Listagg vs summing non-numeric columns


I am used to doing a calculation in the old Briquery like the following.
In this example, the text fields can be summed
and then later the duplicates can be removed. What is left is one record for Stock_Code and one Manufacturers and PN’s.

I would like to do a similar process In Toad Data Point. Unfortunately, the LISTAGG information is very difficult to understand.
I am not sure if I should do that in the initial query, adding a new column or in the transform/cleanse section.
Here are the same records in TDP version 6.2.

I anyone could steer me in the right direction, I would certainly appreciate it as this is a necessary process.


TDP doesn't have ListAgg() functions in its library for all database platforms, so it's probably best to use the database's specific ListAgg() or StringAgg() functions in the original query itself.

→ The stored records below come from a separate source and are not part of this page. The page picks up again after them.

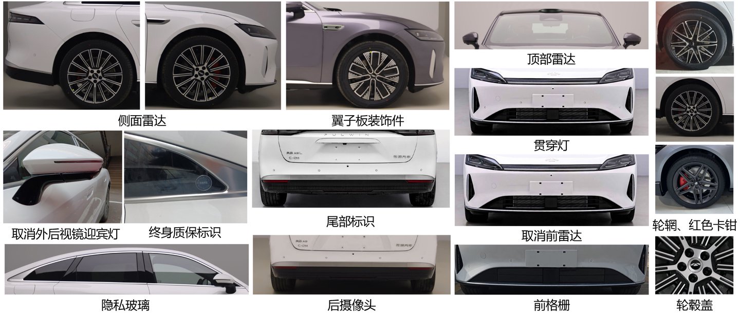 IT之家从申报信息中获悉,该车尺寸为 5018/1965/1500mm,轴距 3000mm,采用 245/50 R19 或 245/45 R20 轮胎。动力方面,新车搭载 1.5L(1499ml)SQRH4J15 发动机,最大净功率 105kW,油耗申报值为 0.52L 或 0.80L / 100km;配备磷酸铁锂电池,最高车速 180km/h。该车还可选装顶部激光雷达、终身质保标识等多种配置,并配备汽车事件数据记录系统 (EDR)。
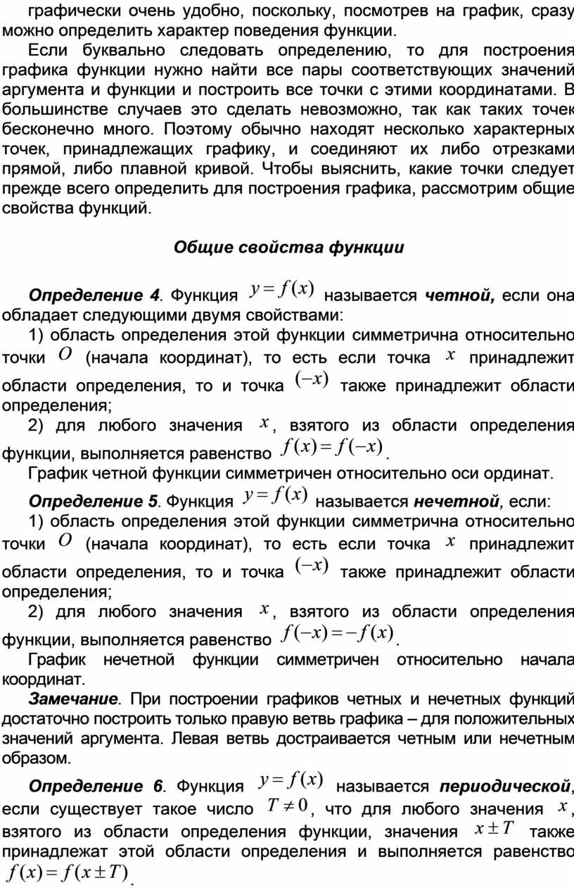 Если буквально следовать определению, то для построения графика функции нужно найти все пары соответствующих значений аргумента и функции и построить все точки с этими координатами. В большинстве случаев это сделать невозможно, так как таких точек бесконечно много. Поэтому обычно находят несколько характерных точек, принадлежащих графику, и соединяют их либо отрезками прямой, либо плавной кривой. Чтобы выяснить, какие точки следует прежде всего определить для построения графика, рассмотрим общие свойства функций.
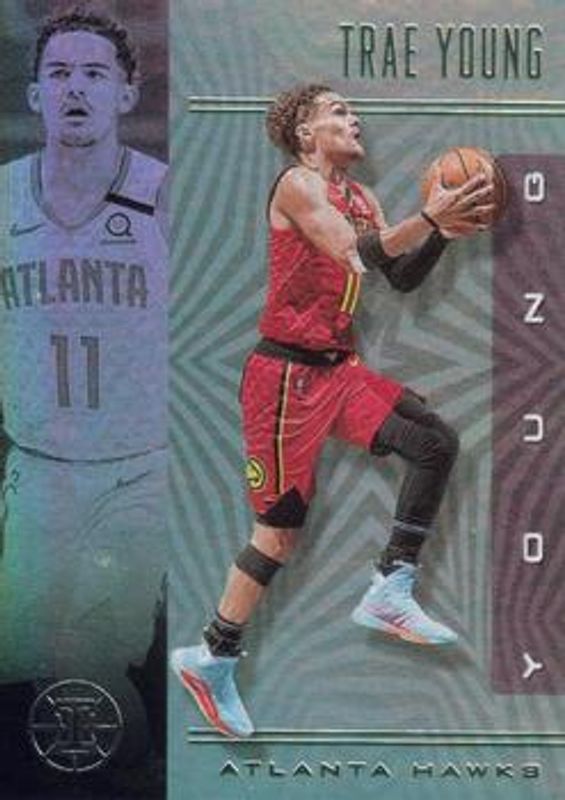 The Trae Young 2019 Illusions #136 Trophy Collection Emerald card is 1 of 62 Trae Young's card variations in the 2019 Illusions set being tracked by Sports Card Investor, including Base, Trophy Collection Bronze, Trophy Collection Orange, Trophy Collection Pink, and Trophy Collection Sapphire.

You didn't mention which database you're doing this on, but the snap below shows a simple example using the ListAgg() function for an Oracle table. I used a table I already had vs. setting up a new table like yours, but it's easy to see that

  • My "regnum" column relates to your "StockCode" column,
  • My "regstate" column relates to your "mfrpn" column, and
  • My "state_stacked" column relates to your desired output column "Manufacturers andPN's" column

Note that I used commas (vs. spaces between) to separate the different values in the stacked output, and it's probably important that you sort your listagg'd output by the column that you're aggregating ("regstate" in my case... "mfrpn" in your case)... otherwise, you may not find duplicated aggregations even when the list contains the exact same values.

Hope this helps.

I personally find Toad Workbook easier for re-creating the Brio\Hyperion queries, but basically same as what Gary suggested.

This example is SQL specific, but create a calculated field for the field you want agg'd together:

Then add a 'Group By:

Final Results:


I finally got to try your soultion out and it worked quite well for the Oracle database.